05 July 2008

Independence Day: the good, the bad & the ugly

I attended the most amateurish and paltry Fourth of July fireworks display I have ever witnessed last night in Pueblo, Colorado, a city with a population of a little more than 100,000. I have seen much better fireworks displays from villages of less than 10,000. Last night’s show might have earned a Cub Scout a merit badge for pyrotechnics, but qualified for nothing greater.

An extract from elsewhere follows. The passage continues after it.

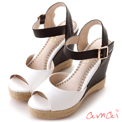 amai*詮釋夏天.畢卡索印象撞色楔跟涼鞋*韓系白商品網址:

The fireworks were preceded by a wretched excuse for a pop music band, The Kahuna Beach Party, which essentially covered Beach Boys songs with harmonies that were bad enough make stray cuts howl in protest, if not anguish. The band members sounded as though they picked up their instruments for the first time a few weeks ago and their solos on guitars and drums were just simply embarrassing. I may have heard a worse band at some point in my life, but I am certain I never tolerated a band this awful for this long: most of one set and another full set followed by encores that no one requested.

The events were held at the Historic Arkansas Riverwalk, the city’s very impressive public restoration of the riparian channel as it winds through Pueblo.

Independence Day 2008 began on a far more encouraging note: a small-town parade in Pueblo West that had both a “dry” and “wet” section. The dry section was a pretty normal parade—politicians, vintage cars and tractors, girls’ dance clubs, and a few commercial floats—but during the wet section the parade entrants and the crowds soaked each other with water guns, hoses, and buckets. A great idea, especially for what would become the hottest day of the summer thus far—101degrees F (38C) and still rising about 2:30 p.m. After the parade, the fire department pumper doused a crowd, mostly kids but adults too, with a water and soap mixture.